● **What the task asks**
Type the listing below out again exactly. No images.

● **Raw data**
--------------------

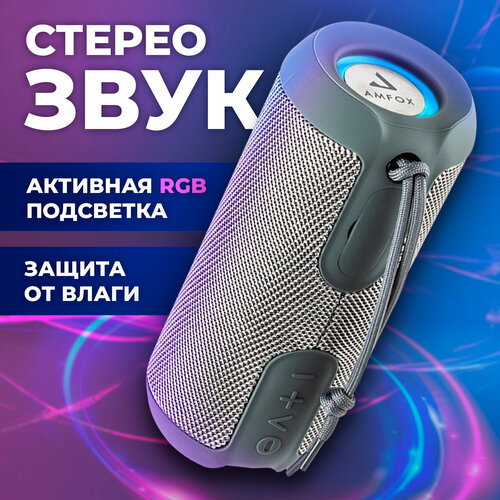 Портативная колонка bluetooth 5.0, AMFOX, ASP-777, 2 динамика по 5Вт, блютуз колонка беспроводная, колонка музыкальная как jbl акустика, серая
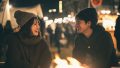 夜の都会で、キャンプファイヤをする女子 東京都 三鷹市 ストリートスナップ
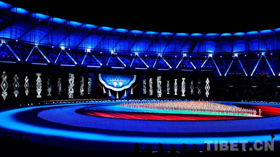 圖為第十二屆全國少數(shù)民族傳統(tǒng)體育運動會開幕式上,以各民族各地方的“錦繡”為主題的節(jié)目《融情匯聚》 攝影:劉莉
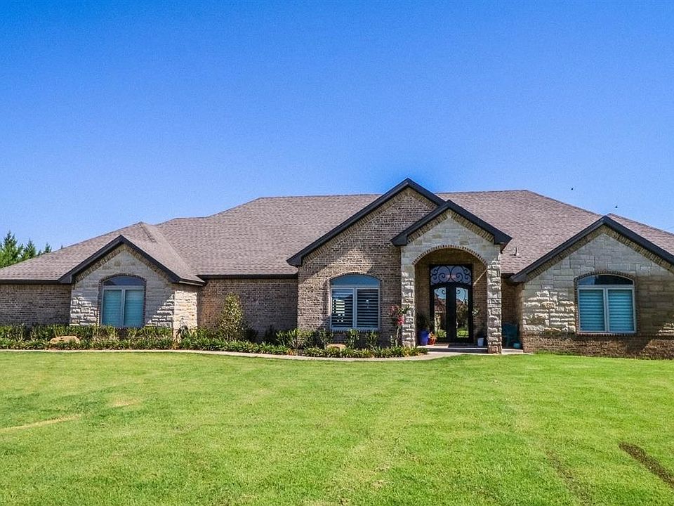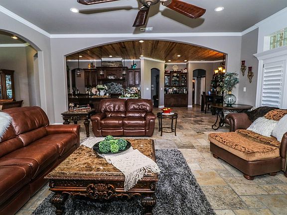 Beautiful 4 bedroom 3.5 bathroom home nestled on corner lot in Kemper Estates on almost an acre of land with 400 SF basement and 646 SF upstairs living space/game room. Gorgeous wood planked ceiling in kitchen and spacious living area - perfect for large gatherings and entertaining. Living area features high ceilings, floor to ceiling stone fireplace, large windows open to covered patio and backyard. Attached 3 car garage with separate 30x40 shop with large overhead door.

--------------------

● **Response to the exercise**
 Портативная колонка bluetooth 5.0, AMFOX, ASP-777, 2 динамика по 5Вт, блютуз колонка беспроводная, колонка музыкальная как jbl акустика, серая
 夜の都会で、キャンプファイヤをする女子 東京都 三鷹市 ストリートスナップ
 圖為第十二屆全國少數(shù)民族傳統(tǒng)體育運動會開幕式上,以各民族各地方的“錦繡”為主題的節(jié)目《融情匯聚》 攝影:劉莉
 Beautiful 4 bedroom 3.5 bathroom home nestled on corner lot in Kemper Estates on almost an acre of land with 400 SF basement and 646 SF upstairs living space/game room. Gorgeous wood planked ceiling in kitchen and spacious living area - perfect for large gatherings and entertaining. Living area features high ceilings, floor to ceiling stone fireplace, large windows open to covered patio and backyard. Attached 3 car garage with separate 30x40 shop with large overhead door.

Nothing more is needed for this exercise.